After a brief summary of the assembly of the recently published Gazetteer (v0.1: https://doi.org/10.5281/zenodo.4540616), the poster presents two next steps in the project, with a focus on the digital tools in use, and their unique benefits to the analysis. Specifically, the annotation tool Recogito (<https://recogito.pelagios.org/>) and the network analytics tool Gephi (<https://gephi.org/>).

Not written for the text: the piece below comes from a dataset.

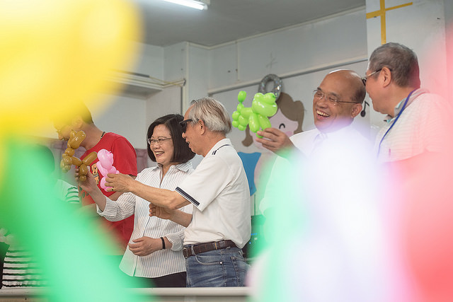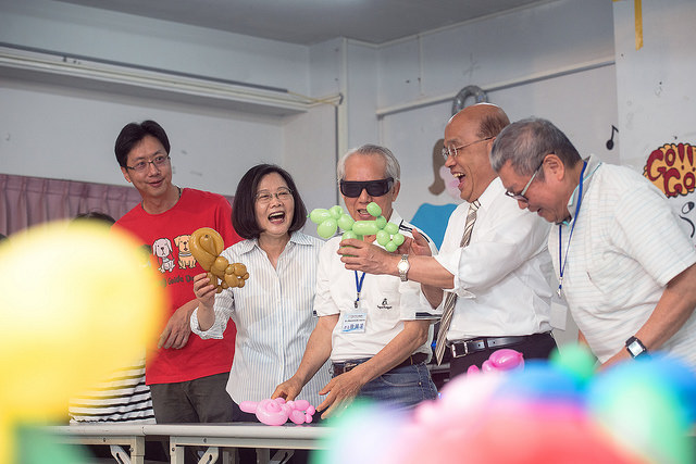 隨後,總統與貴賓在樂活補給站學員的帶領下,一起完成貴賓狗的造型氣球,並接受視障朋友製作送給「官邸三寶」Bella、Bunny以及Maru的花圈氣球。

Recogito, along with the in-browser Markdown editor StackEdit (stacked.io), is a central part of enriching the gazetteer with data accumulated from thousands of Akkadian everyday records, which are available in multiple formats: in transliteration, as summaries in both English and German, and in English translation. This is done in parallel pipelines: a manual pipeline centered around digitizing texts in Stackedit, and then using Recogito to create a TEI/XML file that can be incorporated into the gazetteer, and a semi-automated pipeline, which scrapes the necessary data from previously digitized or partially-digitized records using unique aspects of the Akkadian language and NER (Named Entity Recognition).

Gephi, a network analytic tool, easily analyses the connections between toponyms in the gazetteer. A preliminary analysis showed great promise, and as data regarding the number of recorded connections, the strength of these connections, and the (lack of) doubt surrounding these connections accumulates, this analysis can be made more and more accurate. These connections will serve as a bridge to the final step of the project, a remote-sensing survey of S. East Mesopotamia and an attempt to assign these toponyms to a physical geographic feature.